正則表達式基本使用方法简单介绍

正則表達式非常实用，有些书专门用整本书来讲这个，可见其博大精深。有人的地方就有江湖。有字符串的地方就有正則表達式。所谓的正則表達式，只是是一种模式/形式罢了。说白了，就是一个字符串形式。没那么玄乎其玄。

我们之前介绍过的grep, sed和awk是一种文本/字符串处理工具。而正則表達式却不同。它仅仅是一种字符串形式。我们能够用grep, sed和awk对正則表達式进行处理。为了方便集中介绍正則表達式，我们用最简单的grep来做处理工具。

正則表達式也不同于通配符。虽然也有类似的地方。

在正則表達式中的*和通配符中的*就不是一个意思，这一点务必引起重视。

除了主要的正則表達式外，实际上还有扩展的正則表達式。比方+, ?, ()等东东。此时我们要用egrep或者grep -E, 在本文中，我们用egrep.

以实践操作为荣，以只看不练为耻。

在本文中，我们只进行基本介绍，兴许有新东西加入到本博客中，我们一起来玩玩吧：

1. ^xxx表示以xxx開始的行，例如以下：

Administrator@51B6904C3C8A485 ~/reg
$ cat test.txt
good good study
daydayupAdministrator@51B6904C3C8A485 ~/reg
$ grep ^go test.txt
good good studyAdministrator@51B6904C3C8A485 ~/reg
$

2. xxx$表示以xxx结尾的行。例如以下：

Administrator@51B6904C3C8A485 ~/reg
$ cat test.txt
good good study
daydayupAdministrator@51B6904C3C8A485 ~/reg
$ grep up$ test.txt
daydayupAdministrator@51B6904C3C8A485 ~/reg
$

顺便说一下， ^$能够表示空行，这个显而易见。

3. 点表示除了换行符之外的随意一个字符，例如以下：

Administrator@51B6904C3C8A485 ~/reg
$ cat test.txt
good good study
daydayupAdministrator@51B6904C3C8A485 ~/reg
$ grep d.y test.txt
daydayupAdministrator@51B6904C3C8A485 ~/reg
$

再来看一个错误的使用方法：

Administrator@51B6904C3C8A485 ~/reg
$ echo "w.x.y.z" | grep "w.x"
w.x.y.zAdministrator@51B6904C3C8A485 ~/reg
$

结果尽管侥幸正确。但这不过碰巧而已。不信。请看：

Administrator@51B6904C3C8A485 ~/reg
$ echo "w_x_y_z" | grep "w.x"
w_x_y_zAdministrator@51B6904C3C8A485 ~/reg
$

为什么过滤w.x的时候，却把w_x_y_z过滤出来了呢？原来，在正則表達式中。点不再是普通的点了。点表示的是换行符之外的随意一个字符。

但倘若我们就是要过滤w.x这个串，怎么办呢？那就必需要用到\来转义了，我们即将会介绍。先来热热身：

Administrator@51B6904C3C8A485 ~/reg
$ echo "www.x.y.z" | grep "w\.x"
www.x.y.zAdministrator@51B6904C3C8A485 ~/reg
$ echo "w_x_y_z" | grep "w\.x"Administrator@51B6904C3C8A485 ~/reg
$

这就对了。

4. *表示前面模式的0次或者多次反复，例如以下：

Administrator@51B6904C3C8A485 ~/reg
$ cat test.txt
good good study
daydayupAdministrator@51B6904C3C8A485 ~/reg
$ grep d.*y test.txt
good good study
daydayupAdministrator@51B6904C3C8A485 ~/reg
$ grep s.*t test.txt
good good studyAdministrator@51B6904C3C8A485 ~/reg
$ grep s.t test.txtAdministrator@51B6904C3C8A485 ~/reg

比方注意。 s.t并无法过滤出相应的行。而s.*t却能够, 由于.*表示0个或者多个字符。

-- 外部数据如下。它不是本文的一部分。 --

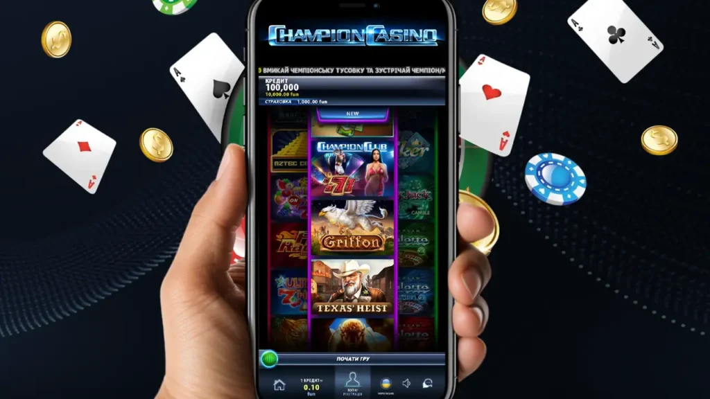 Казино Чемпіон доступне на смартфонах завдяки мобільній версії сайту. Інтерфейс адаптується під будь-який екран, а швидкість роботи не поступається десктопній версії.

5. []用来指定一个字符所述的集合，要注意，[]仅仅会匹配当中的某个字符，例如以下：

Administrator@51B6904C3C8A485 ~/reg
$ cat test.txt
good good study
daydayupAdministrator@51B6904C3C8A485 ~/reg
$ grep s[rst]u test.txt
good good studyAdministrator@51B6904C3C8A485 ~/reg
$ grep s[abc]u test.txtAdministrator@51B6904C3C8A485 ~/reg
$

假设要表示全部的英文字母。那该用如何的集合呢？例如以下：

Administrator@51B6904C3C8A485 ~/reg
$ cat test.txt
good good study
daydayupAdministrator@51B6904C3C8A485 ~/reg
$ grep s[a-zA-Z]u test.txt
good good studyAdministrator@51B6904C3C8A485 ~/reg
$

假设是数字，那就用[0-9]限定即可了。非常easy，一笔带过。

我们继续继续看例如以下：

Administrator@51B6904C3C8A485 ~/reg
$ cat test1.txt
good good study
day day up
daydayupAdministrator@51B6904C3C8A485 ~/reg
$ grep [a-z]ay test1.txt
day day up
daydayupAdministrator@51B6904C3C8A485 ~/reg
$

能够看到， [a-z]ay把daydayup这一行也过滤出来了，倘若我们仅仅要过滤出含有day单词的行，那该怎么办呢？我们以下就会讲。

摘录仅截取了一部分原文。